2016 results are similar to the 2016 National Statistics across all deciles.
2017 results shows a large increase in Excellence (almost 50% of all grades).

Year 12 Chemistry Results
Results in 2015 and 2017 are very similar.
2016 saw a small increase in NA and E and a decrease in A and M.
All three years have a higher proportion of NA than 2016 National Statistics and Decile 1 Statistics.

Year 13 Chemistry Results
2015 and 2016 show similar proportions of NA and A grades, with a few more E’s in 2015 than
in 2016.
2017 results show a lot less NA compared to 2016 National Statistics and also Decile 1 schools.
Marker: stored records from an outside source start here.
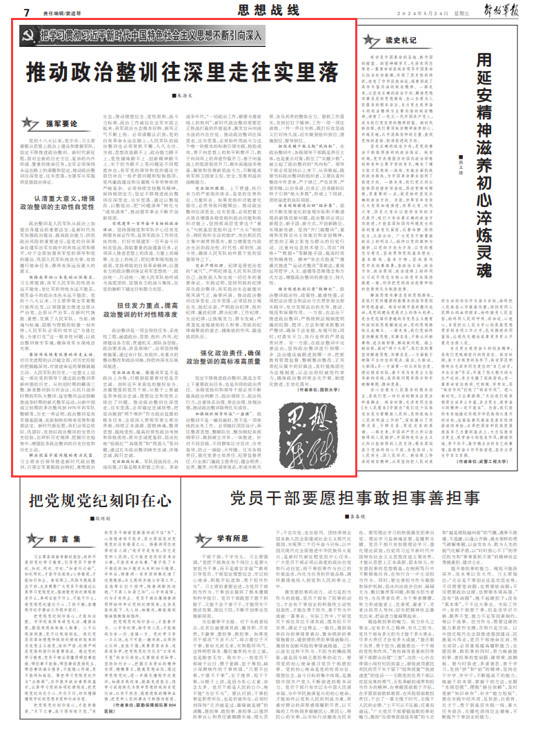 政治整训是一项全局性任务、系统性工程,涵盖政治、思想、组织、作风、纪律建设各方面,贯通机关、部队各层级,政治要求高、涉及领域广,必须坚持精准施策,通过有计划、有组织、有重点的整治整改和政治训练,持续向深水区纵深挺进。
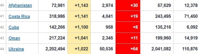 В мировом рейтинге Украина оказалась на 44 месте по распространению коронавируса
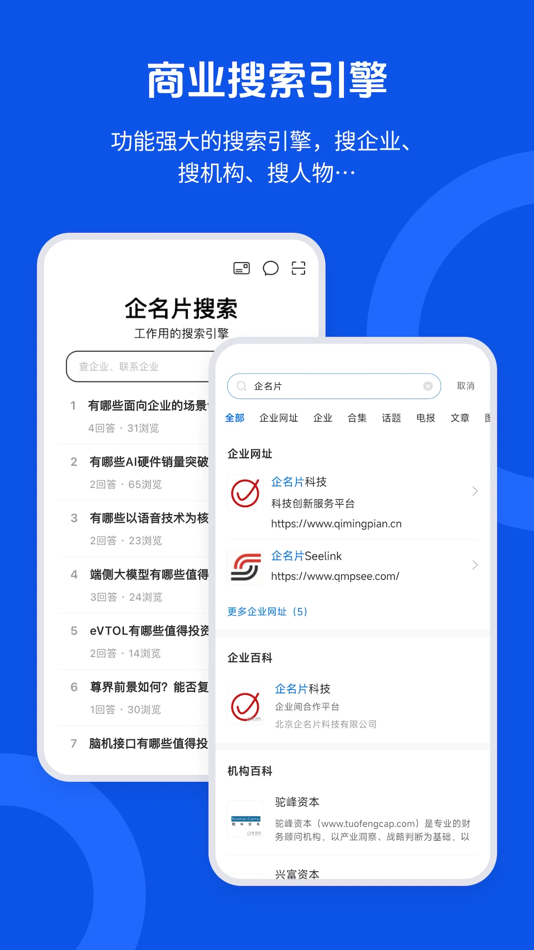 企名片搜索整合动态、百科、工商、价值新闻、融资事件等多维度信息,构建企业立体画像。

There was also a
decrease in E and therefore a large increase in Achieved and Merit grades.

Year 12 Physics Results
2016 has a similar pattern of results to other Decile 1 National Statistics.
2016 and 2017 results both have more NA and less E than the overall 2016 National Statistics.
Compared to 2016, 2017 saw a slight increase in NA and a small decrease in A, while the M
and E remained fairly similar.

Year 13 Physics Results
2016 and 2017 Not Achieved results sit squarely between Decile 1 National Statistics and the
overall National Statistics.
2016 had a greater proportion of M and E than the 2016 National Statistics, and much less
Achieved.
2017 had a very similar proportion of M and E to the 2016 National Statistics.


TLDR: There doesn't seem to be a clear trend across time or the three subjects. Most results are on par with 2016 Decile 1 results, and some appear more like 2016 average nationwide results from all deciles. Results vary by year.